The next step in writing our SS program is to use the private wrapper template. And look, that nice
TA has already put the typedef in block.hpp for you! Now all you need
to do is replace all the instances of your block_t type with private_block_t type.
Now every method call on a block object needs to be modified to use
the wrapper interface. For now, we will just be using call to get our code working, and we will add delegate in the next step. Note that constructor calls should work
unmodified. Other methods must be called through the wrapper method
call. A call that looks like this:
int bytes_written = block.output(outFile);
should be modified to look like this:
int bytes_written = block.call (&block_t::output, hOutfile);
The first argument to call should be a C++ method pointer to the
method in the underlying class (note that we use block_t and *not*
private_block_t). Next, the arguments should be passed in the same
order as the original method call. Return values work as normal.

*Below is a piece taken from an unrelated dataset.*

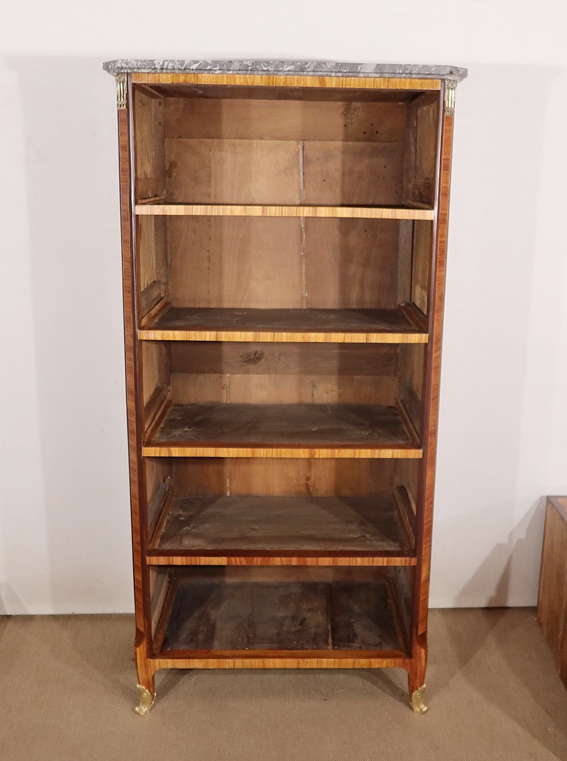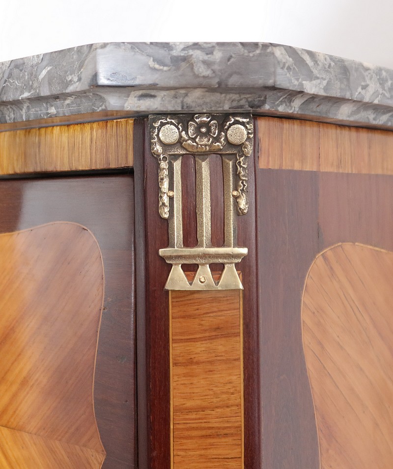 Les montants à pans coupés avec au centre une marqueterie de bois de rose horizontale entourée d’un filet de citronnier, se terminent par des pieds bosse légèrement galbés et décorés par un sabot en bronze d’origine.

Once you've verified this version is working, we'll proceed to the
next step: parallel execution!
Problem 5: Delegating the compress method.
At last, it's time to get to parallel execution and speedups. You
should have a method that causes block objects to be compressed. If
you've coded your class correctly, invocations of this method on
different objects should be independent. This is the source of
parallelism we will exploit in bzip2.
First, you need to surround the outermost loop that compresses
the file with calls to prometheus::begin_nest
() and prometheus::end_nest ().
Furthermore, you should also add prometheus::end_nest () on the exceptional exit
paths from the method. Calls to begin_nest() tell the runtime to
start expecting delegated method calls. Calls to end_nest() tell the
runtime that delegation has finished and create a barrier until all
delegated methods complete.
If everything's working correctly now, you should be able to change the
call of your compress method to delegate. At this point, if your program still
works, you should see some significant speedups.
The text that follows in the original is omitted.